Workflow Recommendation Confidence¶

This route answers the question after grounding: how strong may the current recommendation sound once withheld evidence, comparator loss, and regret review are taken seriously.

bijux-proteomics-intelligence owns this because recommendation confidence is not a summary score. It is the pressure surface that stops attractive workflow stories from sounding more certain than the shipped challenge artifacts earn.

What Ships¶

The current confidence bundle is built around four public artifact families:

artifacts/intelligence/benchmark-decisions/counterfactual_recommendations.json
artifacts/intelligence/benchmark-decisions/workflow_overconfidence_audit.json
artifacts/intelligence/benchmark-decisions/workflow_underconfidence_audit.json
artifacts/intelligence/benchmark-decisions/recommendation_regret_ledger.json

Together they show how fragile the current public recommendation sentence still is under evidence loss and hindsight review.

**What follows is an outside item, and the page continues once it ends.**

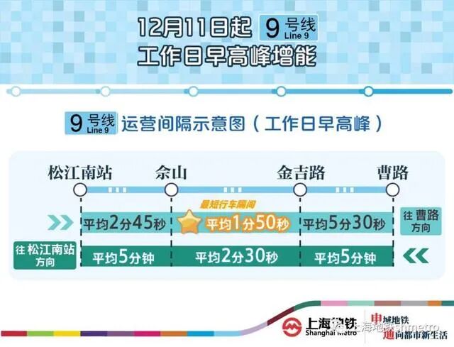 1分50秒!这是本月11日以来,上海地铁9号线的最短行车间隔。这不仅在上海地铁中是最短的,在目前中国内地的地铁中,都是最短的了。

What The Current Bundle Says¶

all five flagship public families currently collapse toward do_not_recommend when comparator evidence is removed
all five flagship public families currently collapse toward do_not_recommend when literature support is removed
all five flagship public families currently collapse toward do_not_recommend when lab burden is doubled from the current shipped posture
targeted currently carries the strongest overconfidence score at 0.67
none of the current flagship families yet shows a hindsight-backed underconfidence event strong enough to justify broader public wording

How To Read Recommendation Confidence¶

read the counterfactual report first when the question is whether the current call survives one missing evidence axis
read the overconfidence audit when the sentence sounds cleaner than the challenge surfaces justify
read the regret ledger when the question is which kind of mistake maintainers are still most likely to make if hidden evidence is revealed later

What This Means For Public Language¶

The current recommendation layer is materially more serious than it was at v0.3.7, but it still does not earn decision-grade authority.

Why:

the public sentence still breaks too easily under evidence removal
some families still carry visible overconfidence pressure
downstream assay burden still narrows otherwise attractive recommendation stories
LFQ, PTM, and targeted still stop at bounded recommendation posture

That is why the stronger current product still needs bounded recommendation language.

Family-Level Reading¶

family	confidence reading today	why the sentence still stays narrow
`dda`	stronger than before, but still fragile under evidence removal	comparator and lab-burden loss still collapse the recommendation
`dia`	bounded outsider-facing recommendation support	evidence and consequence loss still narrow the call
`lfq`	real review-grade posture	missingness and transfer pressure still make the stronger sentence too expensive
`ptm`	stronger analytical posture than before	consequence confidence still lags localization strength
`targeted`	strongest current overconfidence pressure	calibration and interference risk still make broader certainty unsafe

Best Next Routes¶

Open Workflow Claim Grounding when the question is whether the sentence is supported at all.
Open Lab Consequence when the question is whether downstream burden still narrows the apparently reasonable recommendation.
Open Workflow Consequence Maps when the question is which downstream boundary currently caps the strongest honest public sentence.
Open What Changed The Recommendation when you need the exact evidence-removal, burden, or observed-outcome driver.
Open Decision Support when the full combined route matters more than the recommendation layer by itself.

Boundary¶

This page owns recommendation-pressure and confidence limits. It should not pretend to replace evidence grounding or lab consequence just because those later surfaces consume the recommendation output.